• WORK REQUIRED:
In the material below, the line holding "Columnas UHPLC Nucleodur® Sphinx RP 1,8 µm" and every line after it should be reproduced exactly, please, with pictures omitted.

• SOURCE DATA:

□ □ □ □ □ □ □

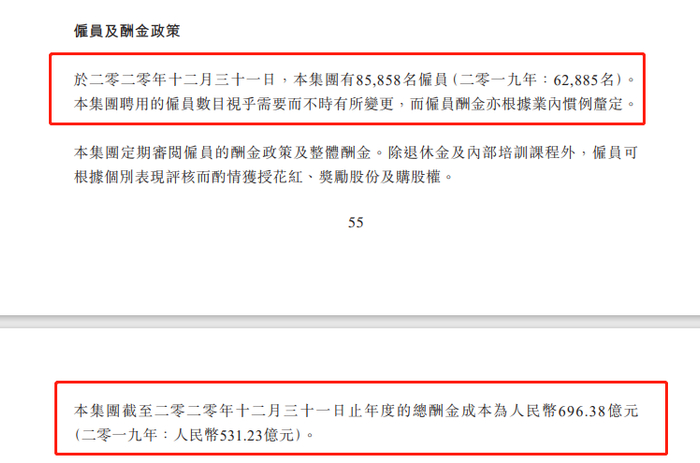 这些员工合计给多少薪酬成本?腾讯表示,根据招聘员工数量需要而对薪酬进行变更,雇员的薪酬则根据行业标准进行厘定,除了退休金和内部培训课程外,员工根据个别表现考核,酌情给予红花、奖励股份和购股权。
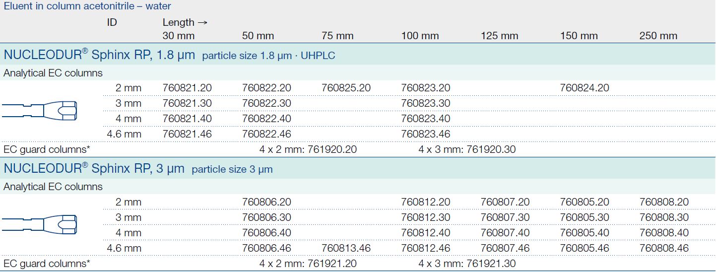 Columnas UHPLC Nucleodur® Sphinx RP 1,8 µm
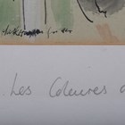 Mark Hutchinson - 'Handling in the Scrum', 20th century watercolour with ink, signed, titled and dated '95, 21cm x 29cm, within a gilt frame, together with two further watercolour and ink illustrations by the same hand, 'Le Rugby feminin avec', and 'Les Coleures des Dames de Toulouse'.
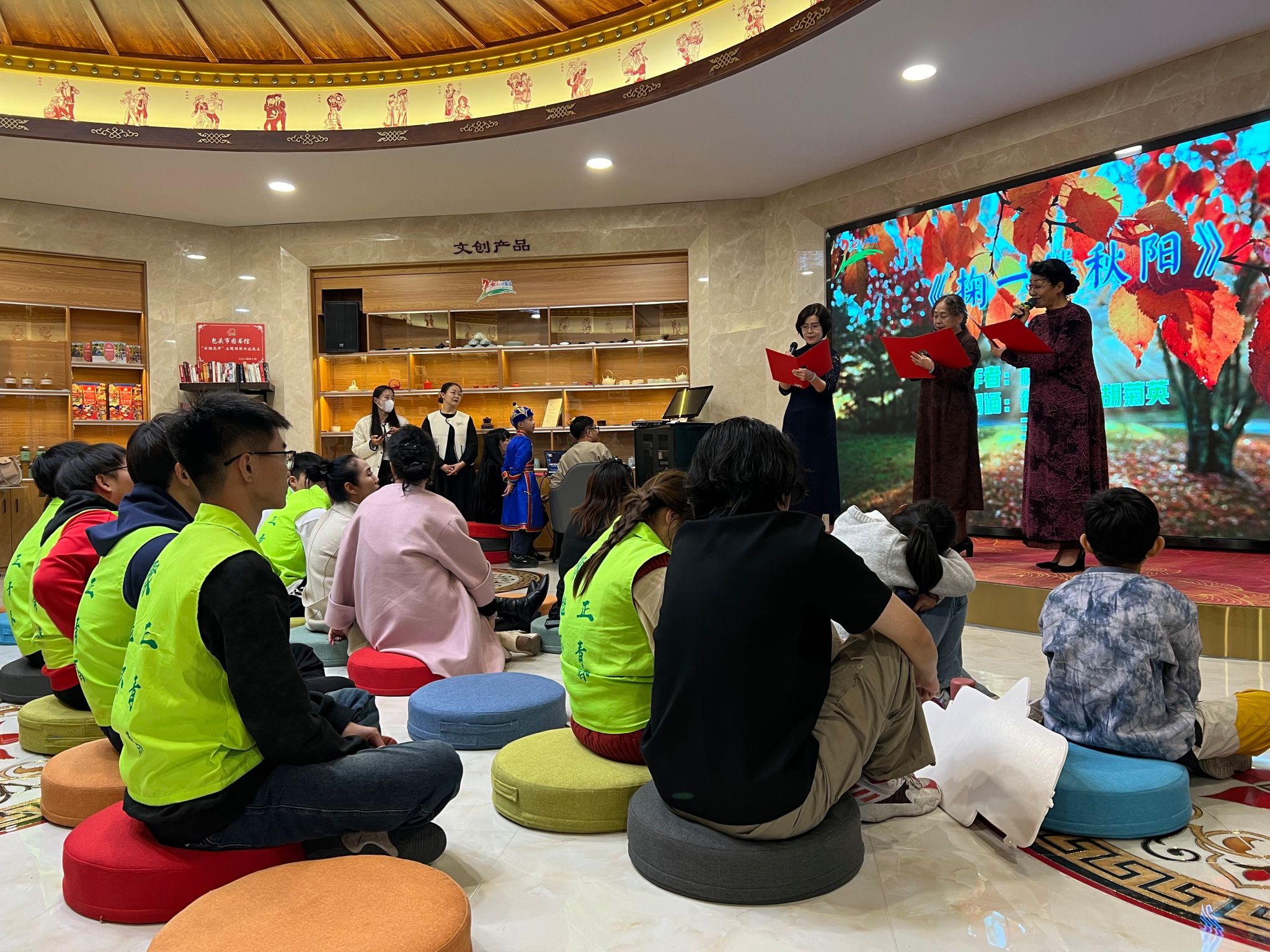 随后,学生第一党支部的党员以及积极分子们聆听了来自包头市图书馆、作家协会、老年大学等各位经验丰富的朗诵者、演唱者的朗诵以及演唱,更加深切的感受到了民族团结的温暖力量,也通过深情投入的朗诵,切身地感受到民族像石榴籽一样紧紧抱在一起,共同书写民族团结美好篇章的完美寓意!

□ □ □ □ □ □ □

• RESPONSE FOR THIS EXERCISE:
 Columnas UHPLC Nucleodur® Sphinx RP 1,8 µm
 Mark Hutchinson - 'Handling in the Scrum', 20th century watercolour with ink, signed, titled and dated '95, 21cm x 29cm, within a gilt frame, together with two further watercolour and ink illustrations by the same hand, 'Le Rugby feminin avec', and 'Les Coleures des Dames de Toulouse'.
 随后,学生第一党支部的党员以及积极分子们聆听了来自包头市图书馆、作家协会、老年大学等各位经验丰富的朗诵者、演唱者的朗诵以及演唱,更加深切的感受到了民族团结的温暖力量,也通过深情投入的朗诵,切身地感受到民族像石榴籽一样紧紧抱在一起,共同书写民族团结美好篇章的完美寓意!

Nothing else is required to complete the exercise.